Strategic VS. Financial Buyer – 4 Key Differences


Selling your mid-market business will probably be the biggest financial transaction of your life. So, you need to know as much as possible about the transaction process and how to maximize your profit before you start planning your sale. 

One of the key things to understand is the psychology of the buyers approaching you. That will determine quite a few factors during the negotiation process, and it’ll give you a leg up when you’re selling the business

Primarily, this is going to force you to know the difference between strategic buyers and financial buyers. Those are the two main buying mindsets that present themselves during business acquisitions, and you’re certain to deal with one or the other eventually. So, which one is easier for you to work with? How do you approach the negotiation process with either of them? 

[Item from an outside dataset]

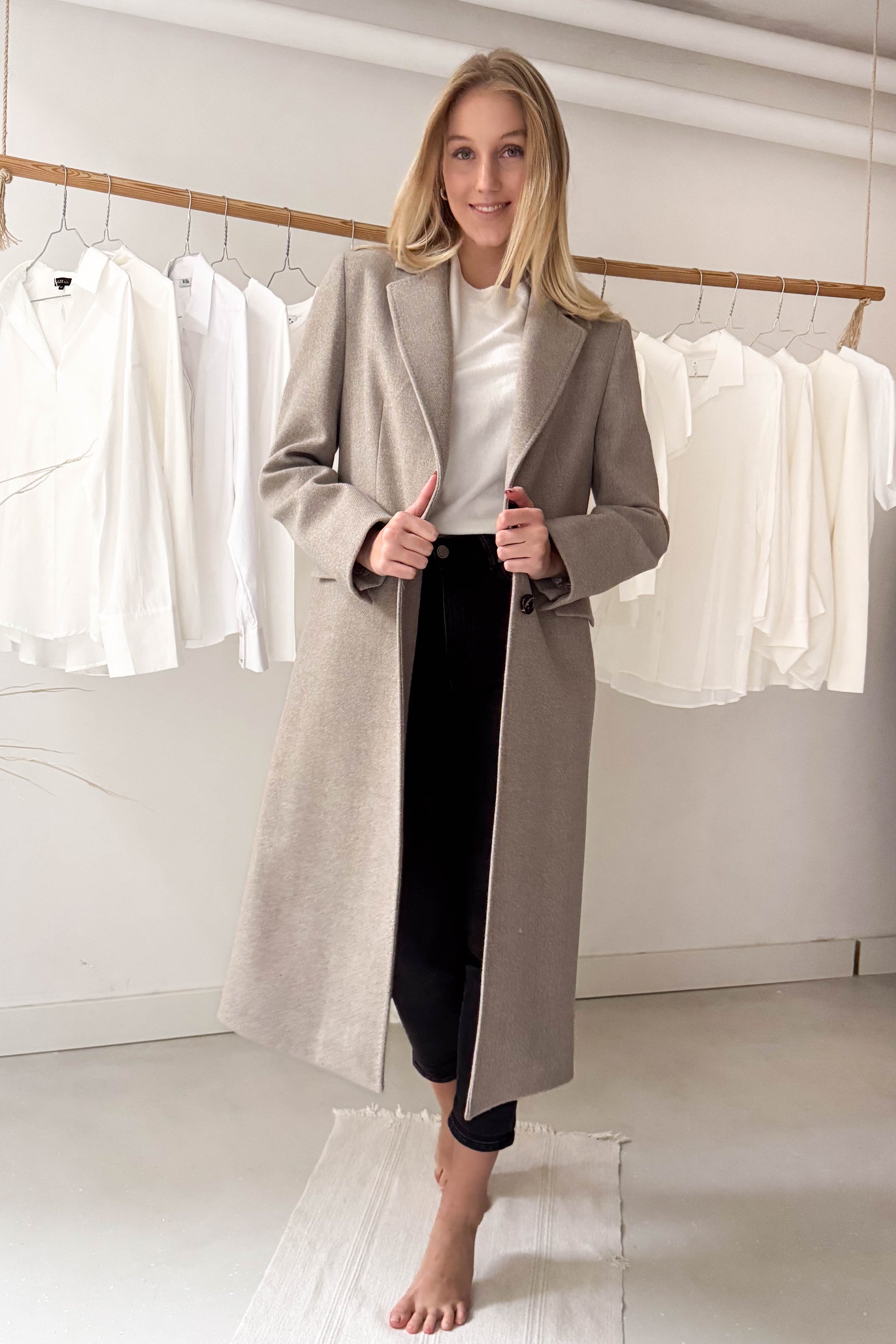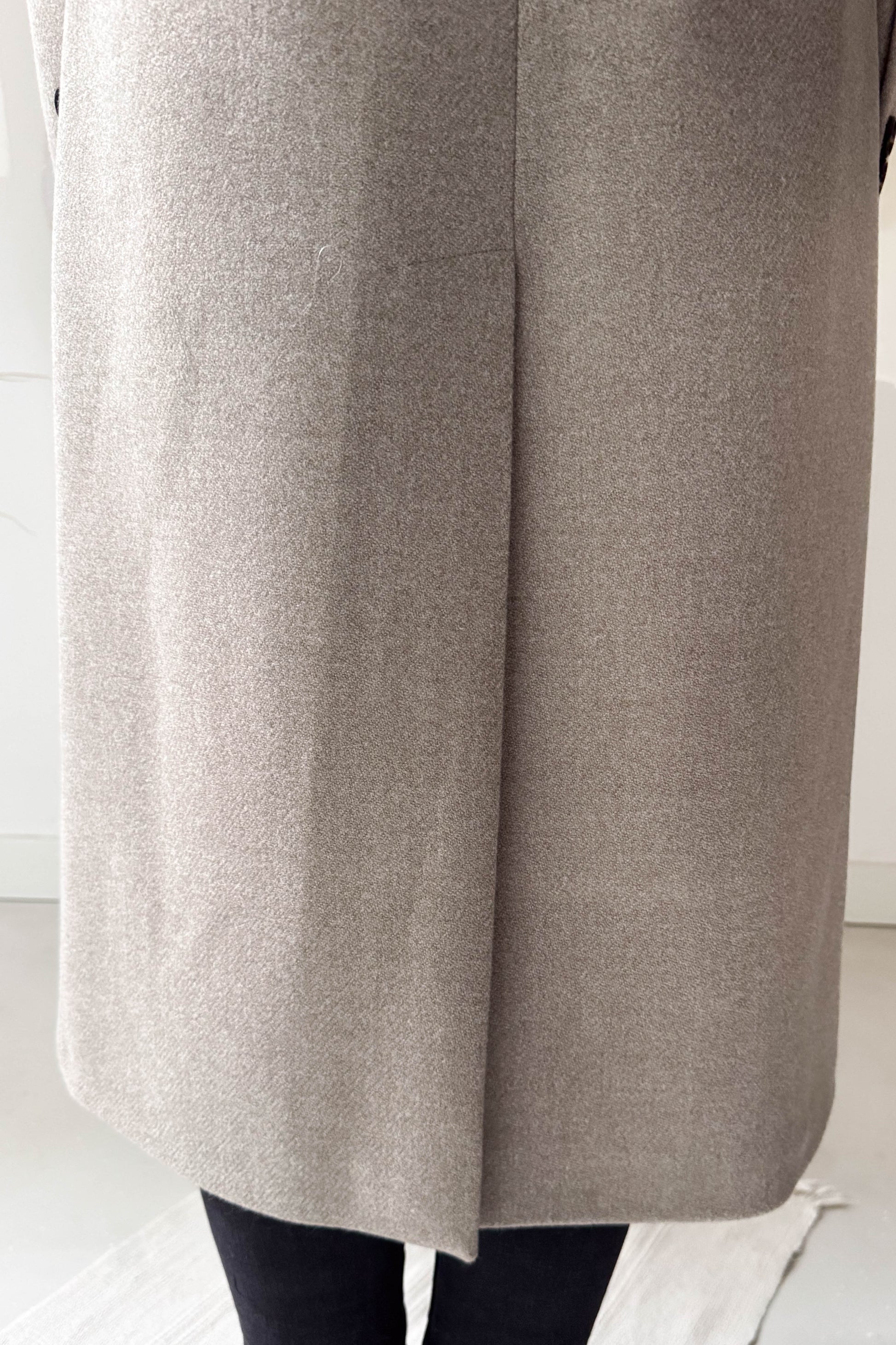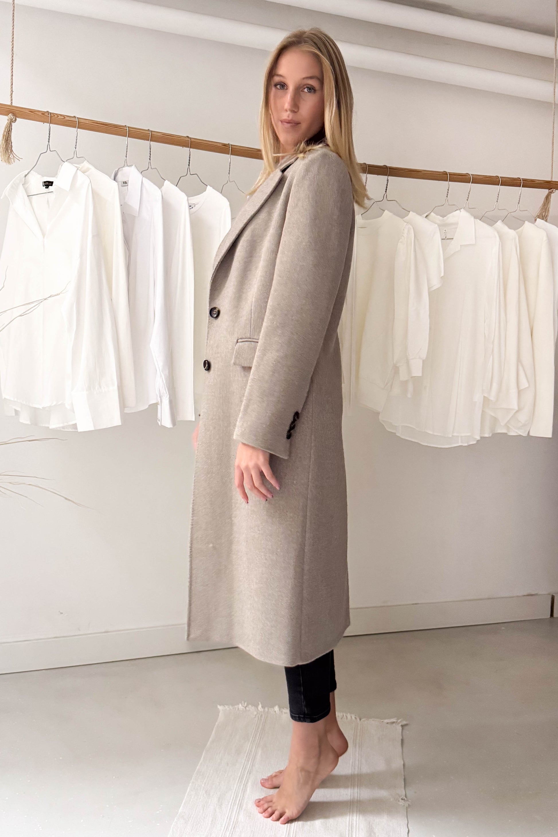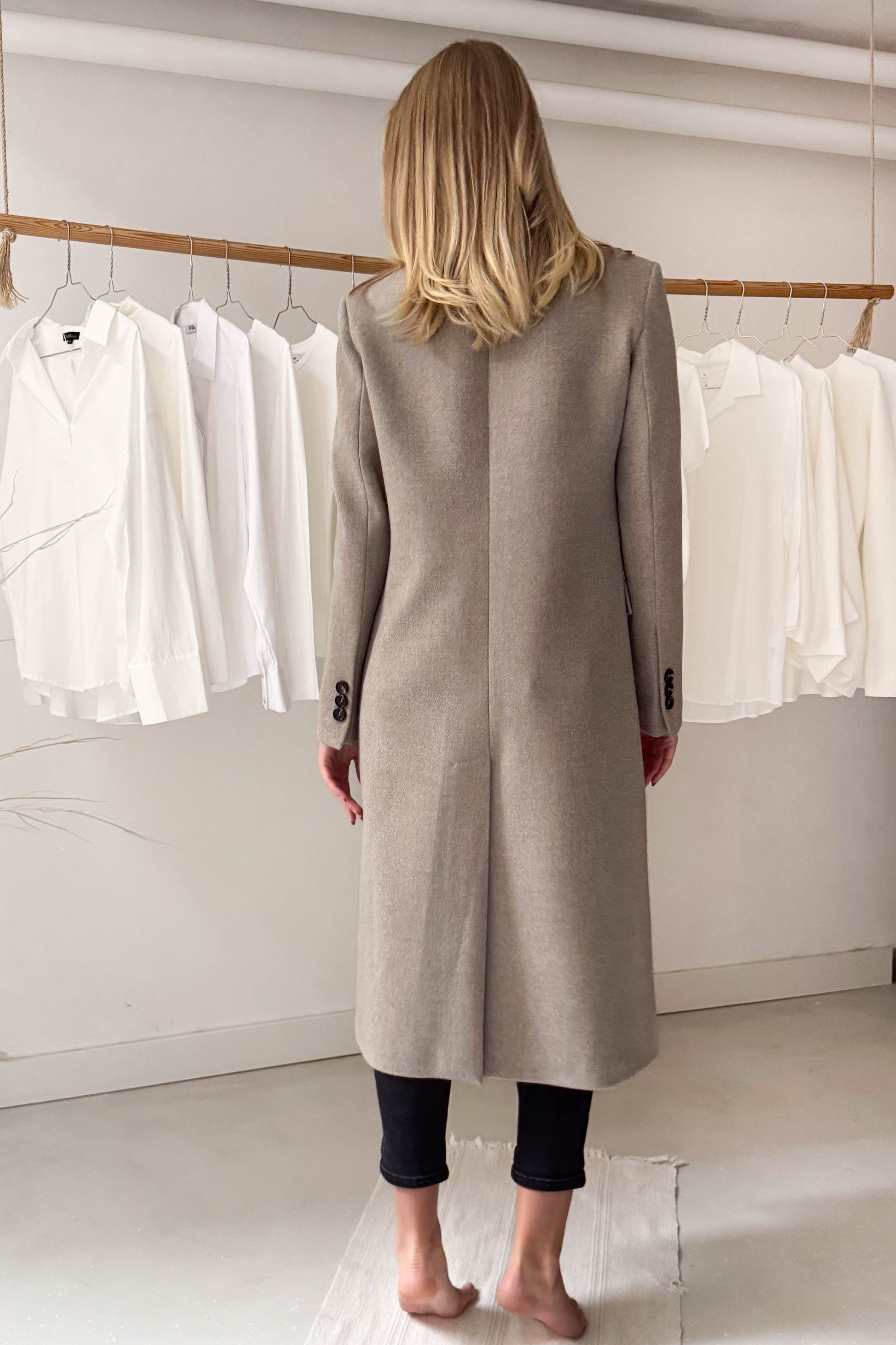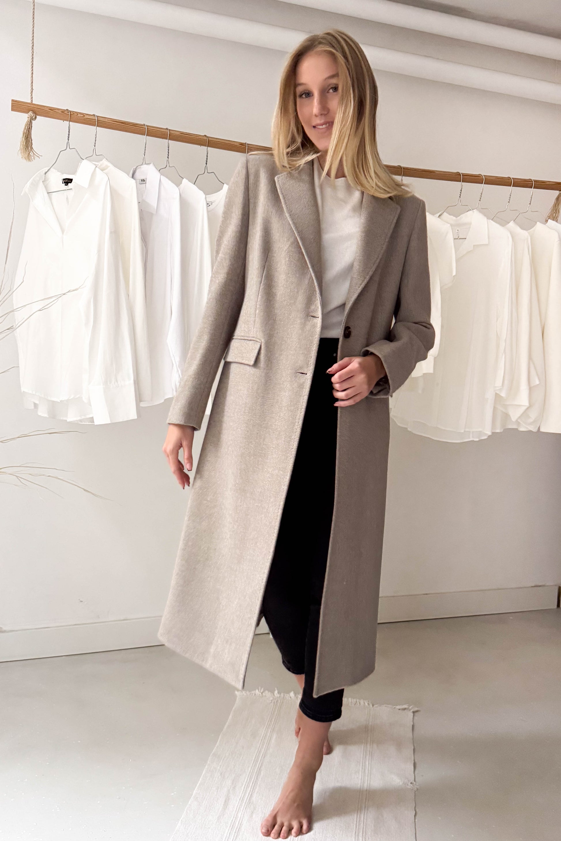 Hosszú szövetkabát bézs színben. Válltöméses, bélelt, szűkített fazon. Derékrészen álzsebekkel van ellátva. Középen két gombbal és rejtett gombbal záródik.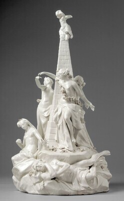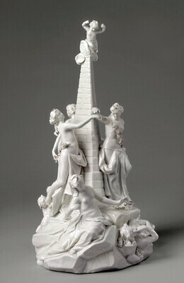 Sieg der Schönheit über den Neid°, allegorische Pyramidengruppe von Konrad Linck. Die "Schönheit", wird versinnbildlicht durch ein Mädchen, das auf einem Felssockel sitzt und in den Spiegel blickt. Der "Neid" windet sich in Gestalt eines Mannes am Boden. Um die titelgebenden Figuren tanzen drei Grazien - Aglaia, Euphrosyne und Thalia einen Girlandenreigen um einen emporragenden Obelisken, einem Symbol der Ewigkeit. Auf der Spitze des Obelisken sitzt ein Putto als Symbol des Sieges. Die Putten auf der Rückseite umarmen und küssen sich. Sie sind der Schönheit zugeordnet (Schönheit durch Liebe geboren besiegt den Neid - siehe Werhahn). Im Fuß innen zylindrisches Verstärkungsstück. Blaumarke "CT"_ "79". Erhaltungszustand: Brandrisse; vielfältige Fehlstellen; Ergänzungen: Flügel des Puttos an der Spitze, fast alle Arme und Hände, große Teile des Sockels

Find out in this ultimate strategic vs. financial buyer comparison. 

Strategic VS. Financial Buyer: Why Does it Matter?

As we said, the type of buyer you’re dealing with will likely affect several parts of the transaction. Why is that, though? Do you really need to change the way you approach the transaction to secure a sale with different buyers? Well, yes. You do. 

Financial buyers and strategic buyers have different perspectives about the transaction. Financial buyers are looking for solid numbers and a safe investment. Strategic buyers are looking for something a bit more complicated, and they want evidence that the business will align with their end goals. 

The way you present information can dramatically change the route your negotiations take if you don’t understand your buyer and adapt to meet their needs, you might not secure an otherwise perfect deal. 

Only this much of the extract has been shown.